2. Swap some old for some new.

If romantic comedies make you nauseated or your favorite ’80s ballads only emphasize the void in your love life, cut yourself a break. If Instagram deflates you because everyone else’s life looks awesome, tuck the app aside and ignore it for a few days or even several weeks. Set some of your once-favorite things on the shelf and crank up something new. I’ve come to enjoy long walks, worship albums and journaling. Find what works for you. Find what brings a breath of fresh air. You just might discover some new passions along the way.

3. Widen your gaze.

This is a big one for singles, and really, all human beings. Our normal pattern is to zoom in on our own disappointments and desires, letting our focus shrink until we’ve lost perspective, and at times, even our joy. If you’ve found yourself here, it’s the perfect time to lift your gaze and see what’s around you: a huge world filled with people — often hurting just like you. If you struggle with mentally rehashing how unhappy you are, try setting that aside and expand your view.

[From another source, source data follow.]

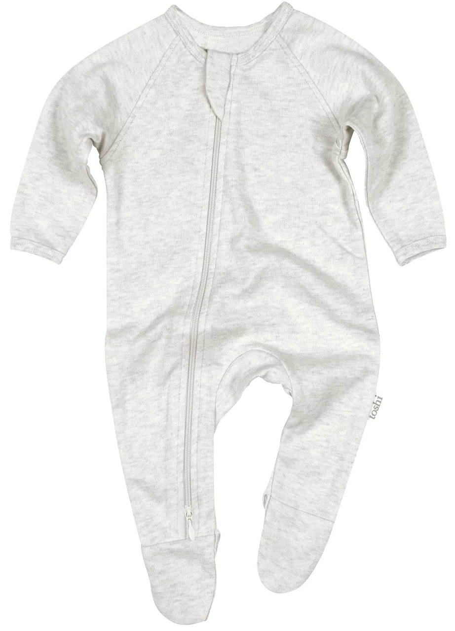 The Toshi Organic Dreamtime Onesie is created for the ultimate in baby lifestyle comfort and functionality. Crafted from the finest quality certified 100% organic cotton yarn, the baby onesie is soft and gentle on delicate skin, as well as our precious environment. The beautifully-textured melange yarn brings an element of refinement to this baby onesie. Toshi Dreamtime Onesie features a front opening two-way zip for ease of nappy change. The subtle zip design also offers comfort throughout the day, whether your baby is sleeping or ready to play. Long sleeves and covered feet, ensure your baby will feel cosy and nurtured during the cooler months. This onesie colour is Pebble, a grey marle gender-neutral hue.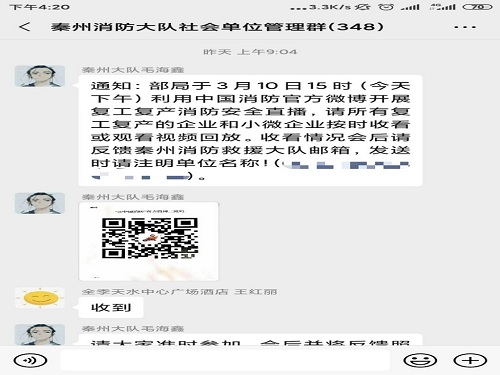 3月10日,由中国消防救援局组织开展的复工复产企业消防安全培训以网络形式在中国消防微博上直播放送,秦州区消防救援大队积极行动,及时组织辖区复工复产企业收看了网络直播。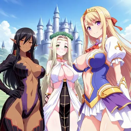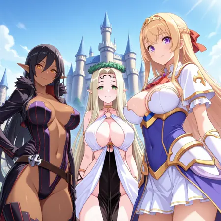 - Celestine Lucross: 1girl, celestine, blonde hair, long hair, green eyes, elf, large breasts,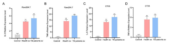 The results of a number of studies have demonstrated that EVs not only act in a cargo transportation capacity but also exert functions such as regulating cell physiological activities [55]. The expression of cytokines IL-6 and TNF-α related to immune activation was detected at the RNA levels. The experimental results demonstrate that, compared with the unstimulated group, both healthy and TB patients’ serum EVs induced high expression of IL-6 and TNF-α in RAW264.7 and CT26 cells (Figure 4A–D); however, the TB patients’ serum group EVs induced higher expression of IL-6 and TNF-α in RAW264.7 and CT26 cells than those of the healthy group, suggesting that TB serum EVs can stimulate cells to produce more intense inflammatory responses.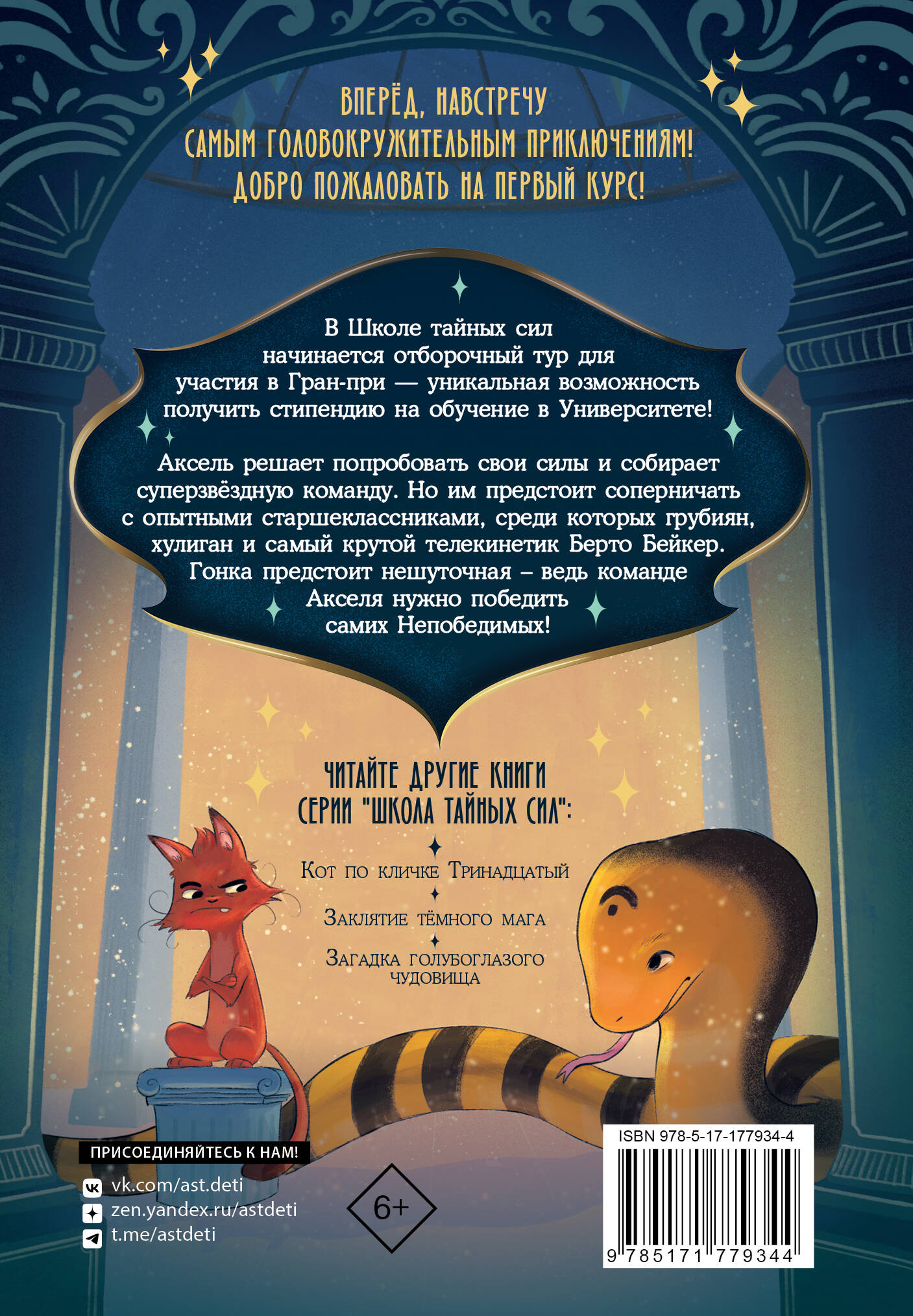 В Школе тайных сил начинается отборочный тур для участия в Гран-при - уникальная возможность получить стипендию на обучение в Университете! Аксель решает попробовать свои силы и собирает суперзвёздную команду. Но им предстоит соперничать с опытными старшеклассниками, среди которых грубиян, хулиган и самый крутой телекинетик Берто Бейкер. Гонка предстоит нешуточная - ведь команде Акселя нужно победить самих Непобедимых!| Издательство | Издательство "АСТ" |

For me, it started with taking home a kitty from a glass cage in a pet shop. She’s now curled up on my gypsy quilt. That same week, I invited my elderly and widowed neighbor over for dinner. I confess, I never really thought of her loneliness when I was blissfully in love. Now, God has opened my eyes to this pain in others (James 1:27). My neighbor and I had a wonderful time over turkey soup, and a few weeks later, we watched an old movie while sipping tea. It was good medicine all around. Yesterday she dropped off a little gift to say thank-you, and boy, did it bring me cheer. This process has shown me to look beyond myself. By doing that, we often find a slice of happiness that can’t be acquired any other way — not by force, not by meltdowns, and certainly not by raising a fist at God (Romans 8:6).

Wherever you are on the path of singleness, let’s remember it’s a process and a journey. And God uses it to refine us. The more light we let in, the more joyous the time will be. If you have love to give, don’t let it break you from the inside out — pour it out on God’s people, and He will use it for His glory.